For the past three years I’ve been studying the police accountability movement and the role that video has played in fueling activism by citizens concerned about criminal justice policies in their communities. “Cop-watching,” as it’s known informally, cannot be understood without also studying the way the law enforcement community uses video. As a result, my work has taken me to courtrooms, police stations and city streets where citizens and police are watching each other through their camera lenses.

Multiple perspectives, one timeline

A recent research project I conducted with my husband, David Alan Schneider, showed how this worked in a courtroom. We examined the way video evidence played out in a criminal courtroom. On January 1, 2012, as a woman under arrest by Austin, Texas, police called for help, an Iraq War veteran turned activist, Antonio Buehler, pulled his phone out to photograph the scene. He ended up getting arrested himself, and put on trial for allegedly interfering with police work.

The jury watched three videos and listened to multiple versions of what happened that night: police alleged that Buehler lunged at them menacingly; he argued that he was the one assaulted. Another bystander, across the street, had filmed the scene, too, showing officers throwing Buehler to the ground. Police dashcam video showed part of the start of the woman’s drunk-driving arrest and included some of the audio. A surveillance camera from the nearby convenience store bore silent witness and showed where Buehler’s car was in relation to the rest of the action.

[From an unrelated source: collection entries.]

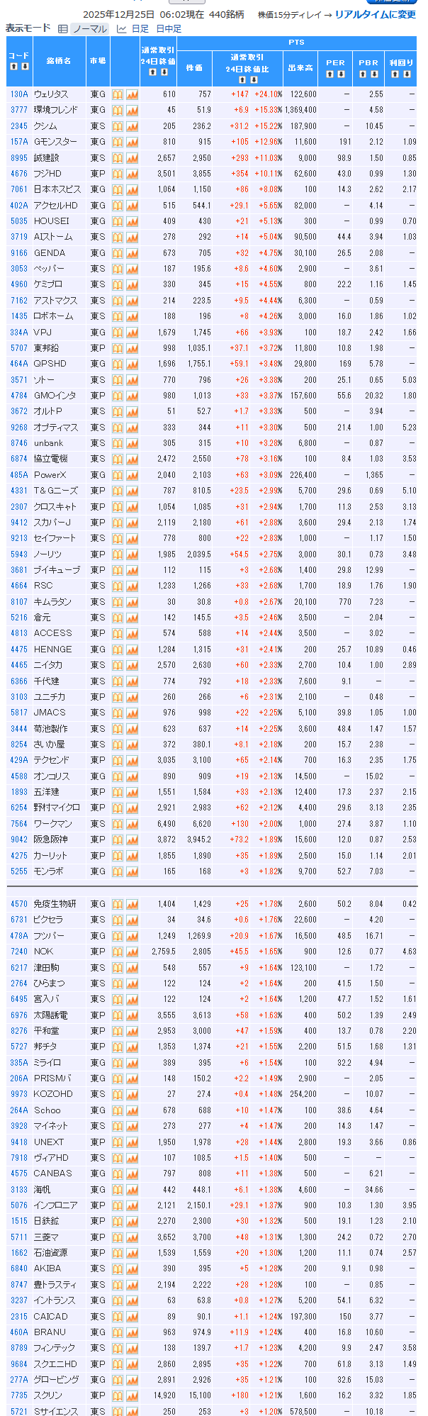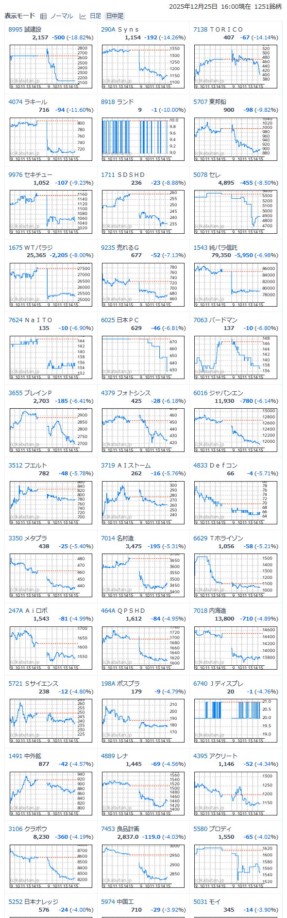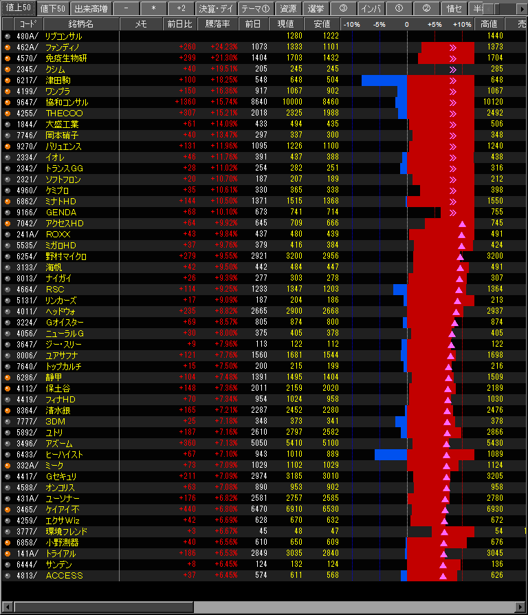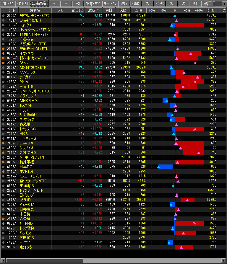 ・材料が出てptsではS高付近まで買われ、ザラ場は特買スタート➡飛び乗って全ポジ含み益でしたが失速してきたので繁益➡その後ズルズル下げ続ける展開に
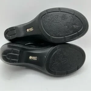 Elevate your casual look with these stylish and comfortable Lobo Solo slip-on mules. The black leather upper features a round toe and a mid-height block heel, perfect for any occasion from winter to summer. The rubber outsole provides durability and traction, while the cushioned features make these mules a must-have for any woman's shoe collection. The solid pattern and classic theme add a touch of sophistication to these versatile shoes. Available in women's US shoe size 9, these Lobo Solo mules are a great addition to any wardrobe.
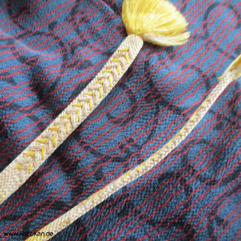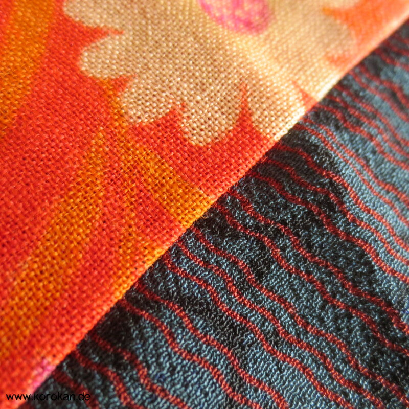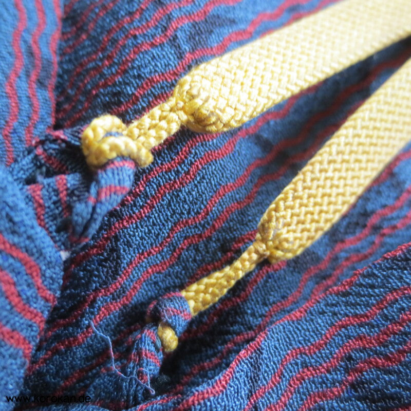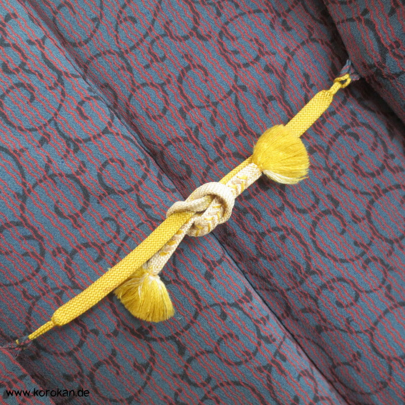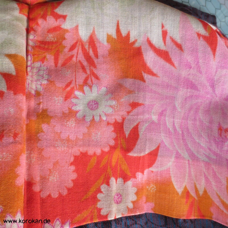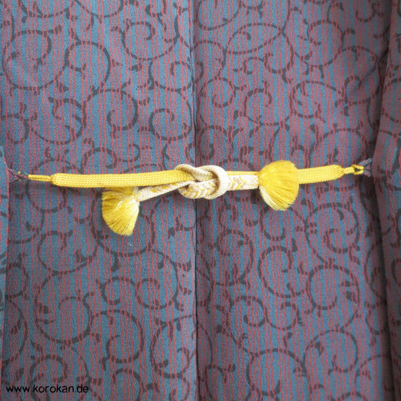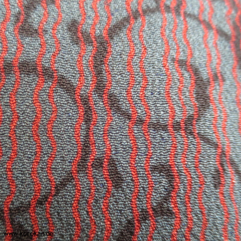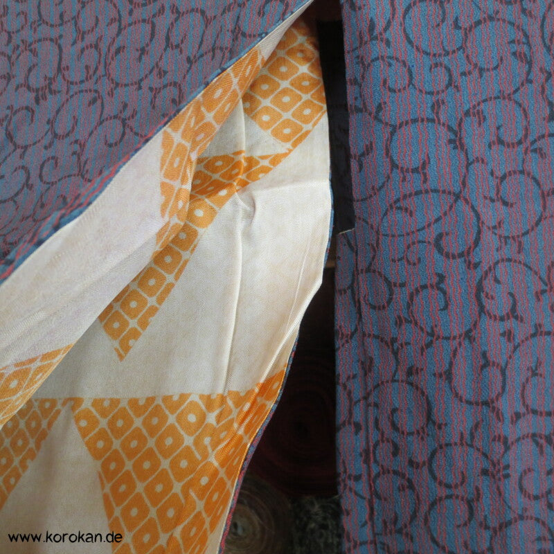 japanische Vintage 1950'er hausgemachte Haori Kimono Jacke Seidencrepe mit Karakusa Arabesken über roten Wellenstreifen auf petrol Grund, oberem qietschbuntem Schulterfutter und bestickten Haori Himo

Three videos, three narratives, but time passes along only one line. By incorporating the other evidence into what they saw, and tying everything to that one timeline, the jury came up with yet another, constructed narrative, acquitting Buehler.

The famous Rodney King case in 1991 that acquitted four officers and sparked riots in Los Angeles shows just how important the timeline is to our ideas of reality and truth. When the video is played in real time, the scene is devastating; officers are seen swarming the truck driver and striking him swiftly and repeatedly.

But defense attorneys for the officers never played the video straight through; instead they stopped and started it second by second. With the images taken out of context and isolated from the timeline, the moments shown seemed more defensible. The jury, left with competing narratives and a set of images detached from the timeline, found in favor of the officers.

 

The full video of the Rodney King beating.

 

Documenting police work

Video’s combination of timeline with visual information has significant implications for the current debate about badge-cams, dash-cams and cop-watching. When it comes to really figuring out what happened, more cameras are helpful; multiple perspectives tied to the timeline present a narrative that better mimics the way we move through the world. We don’t stand in one place, like a surveillance camera, nor do we hold our focus on one spot. We look close, we scan and move. For the sake of really understanding an event, the more video, the better.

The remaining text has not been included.